One of the passengers of the three UH-1H that arrived that evening was Filipino evangelist Wilde Almeda, who suffered a stroke in captivity and was being carried in a stretcher by his followers who were held captive by a faction of the Abu Sayyaf for 93 days.

“Do not take any pictures!,” shouted one Army captain whose nameplate I had difficulty seeing in the darkness, as then Armed Forces Chief General Angelo Reyes arrived. The warning not to take photos came late for me by a split second as my camera flashed. “Who was that!” the captain hollered. I silently tried to melt in the darkness but the military officer was keeping track of my motions. “Next time you do that again and I’ll have you detained and charged,” he barked. Seventeen years after that incident, conditions for Filipino journalists remain restrictive and harsh.

— By Gilbert P. Felongco/ Correspondent


My friend was beaten up and then charged with assault

The country’s police has become a law unto themselves, says Zimbabwean journalist Obey Manayiti, 31. Ahead of the November 2017 military intervention, which ended the 37-year rule of strongman Robert Mugabe, Manayiti was arrested and assaulted.
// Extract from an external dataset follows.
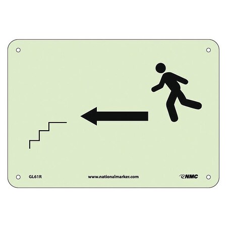 NMC GL61R Fire Sign, Stairs Left Arrow Man Graphic, 10" Length x 7" Height, Glow Rigid, Black on White

His crime? He was reporting on a controversial operation that saw police officers use tyre-deflating spikes to stop illegal private taxi operators. The operation had been blamed for a number of deaths. On arrival at the station, the police officers who had assaulted him charged my blood-soaked friend with assault. “I was fearing for my life,” he says of the encounter. “They were using all forms of threats.

“Since the military operation, police have now pledged to reform, but it’s only a pledge as of now,” he says. Only a few weeks later, dozens of ministers and police officers were themselves arrested as the military temporarily took control of state power.
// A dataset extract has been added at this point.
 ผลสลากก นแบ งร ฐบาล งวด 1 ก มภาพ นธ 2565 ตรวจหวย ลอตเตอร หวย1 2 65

— By Richard Chimbiri/ Copy Editor


The private militia thought I was a spy

People love to read stories from the eastern Indian state of Bihar, but it’s indeed very dangerous to be a journalist in current situation when attacks on journalists have become a routine feature. I have had several bitter experiences of reporting from the ground.

Recently, I had gone for a follow-up to the killing of six activists of Ranvir Sena, a private militia of upper caste landlords, in Aurangabad district. I was surrounded by a group of threatening young men with guns dangling from their shoulders.
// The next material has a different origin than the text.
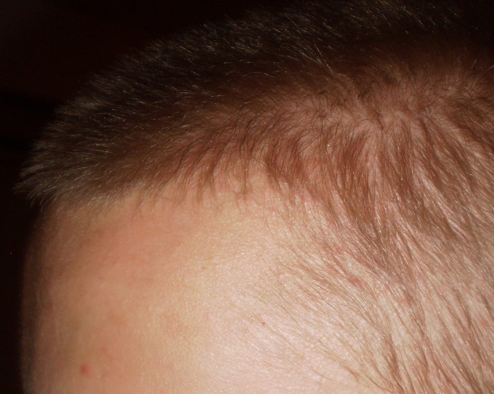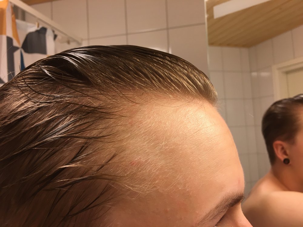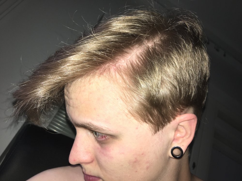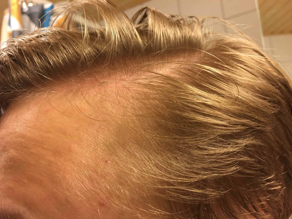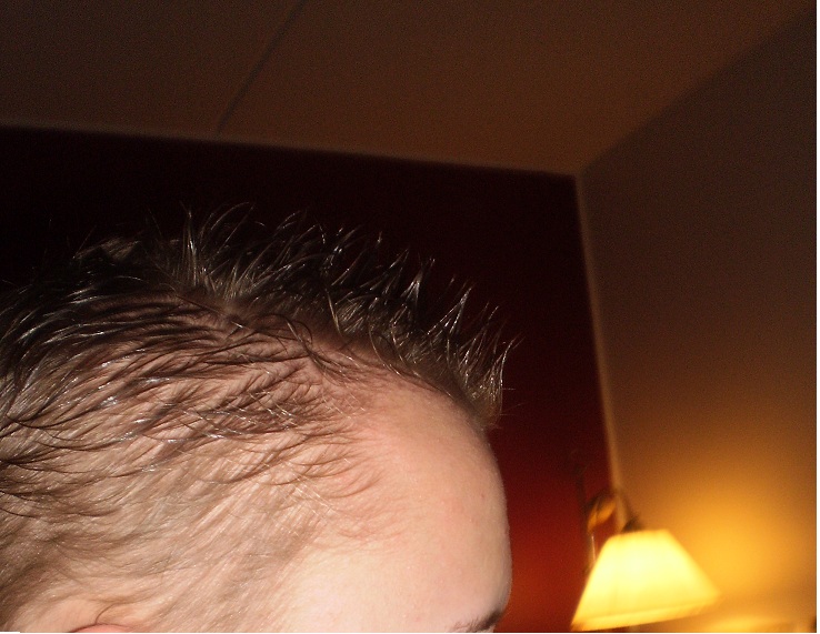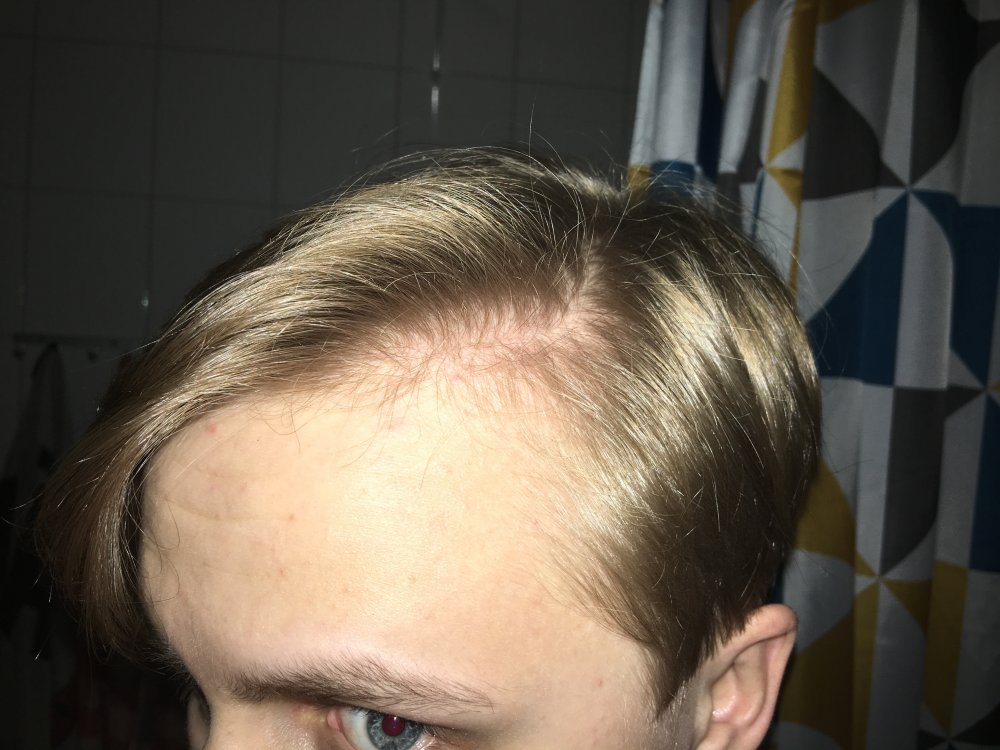In some pictures u can clearly see the minituarized hair from right temple. Never had minituarized hair there before this summer I think.. Also scalp is very visible from top

They didn’t believe that I was a journalist and continued questioning me, suspecting I could be a spy. It was only after I took help from a local contact that they became normal and shared some “secret” information. I was also warned against writing anything adverse against them or what I had seen there. I faced a similar situation at Laxmanpur-Bathe in Jehanabad district, where I had gone to cover blood-chilling massacre of 58 villagers by the Ranvir Sena. Angry villagers heckled me and did not allow me to go inside their homes or share details, forcing me to exploit a local contact.